From: Davide DelVento <davide.quantum@gmail.com>
Sent: 17 May 2024 01:02
To: Emyr James <emyr.james@crg.eu>
Cc: slurm-users@lists.schedmd.com <slurm-users@lists.schedmd.com>
Subject: Re: [slurm-users] memory high water mark reporting

Not exactly the answer to your question (which I don't know) but if you can get to prefix whatever is executed with this https://github.com/NCAR/peak_memusage (which also uses getrusage) or a variant you will be able to do that.

On Thu, May 16, 2024 at 4:10 PM Emyr James via slurm-users <slurm-users@lists.schedmd.com> wrote:

Hi,

We are trying out slurm having been running grid engine for a long while.
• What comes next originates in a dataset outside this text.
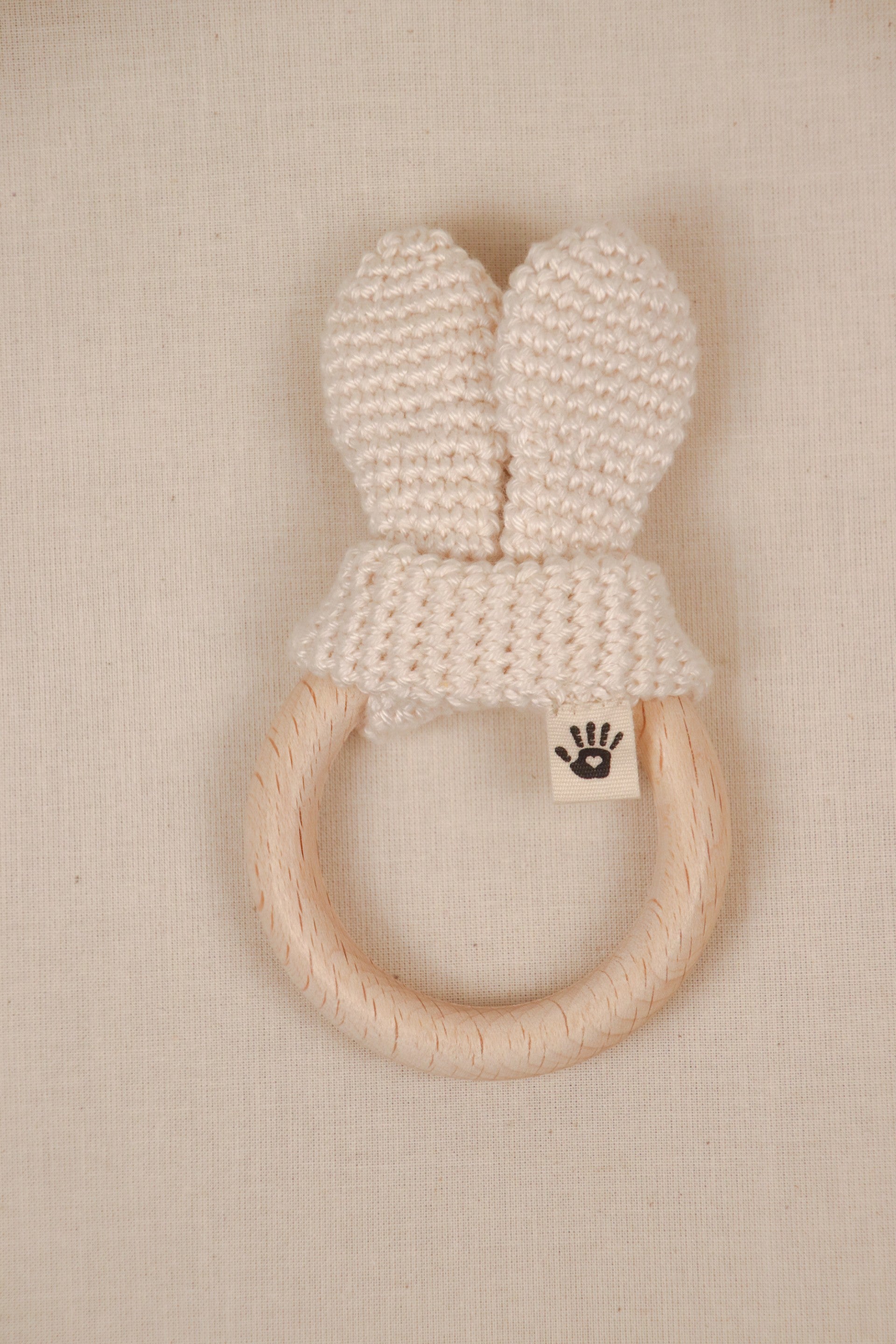Deze lieve bijtring met konijnenoortjes is een favoriet voor baby’s die graag ontdekken. De ring is gemaakt van glad, onbehandeld beukenhout dat fijn in kleine handjes ligt en heerlijk is om op te bijten bij doorkomende tandjes. De gehaakte oortjes van 100% katoen geven een zachte, speelse textuur waar baby’s graag aan voelen en sabbelen.

In grid engine, the cgroups peak memory and max_rss are generated at the end of a job and recorded. It logs the information from the cgroup hierarchy as well as doing a getrusage call right at the end on the parent pid of the whole job "container" before cleaning up.

With slurm it seems that the only way memory is recorded is by the acct gather polling. I am trying to add something in an epilog script to get the memory.peak but It looks like the cgroup hierarchy has been destroyed by the time the epilog is run.

Where in the code is the cgroup hierarchy cleared up ? Is there no way to add something in so that the accounting is updated during the job cleanup process so that peak memory usage can be accurately logged ?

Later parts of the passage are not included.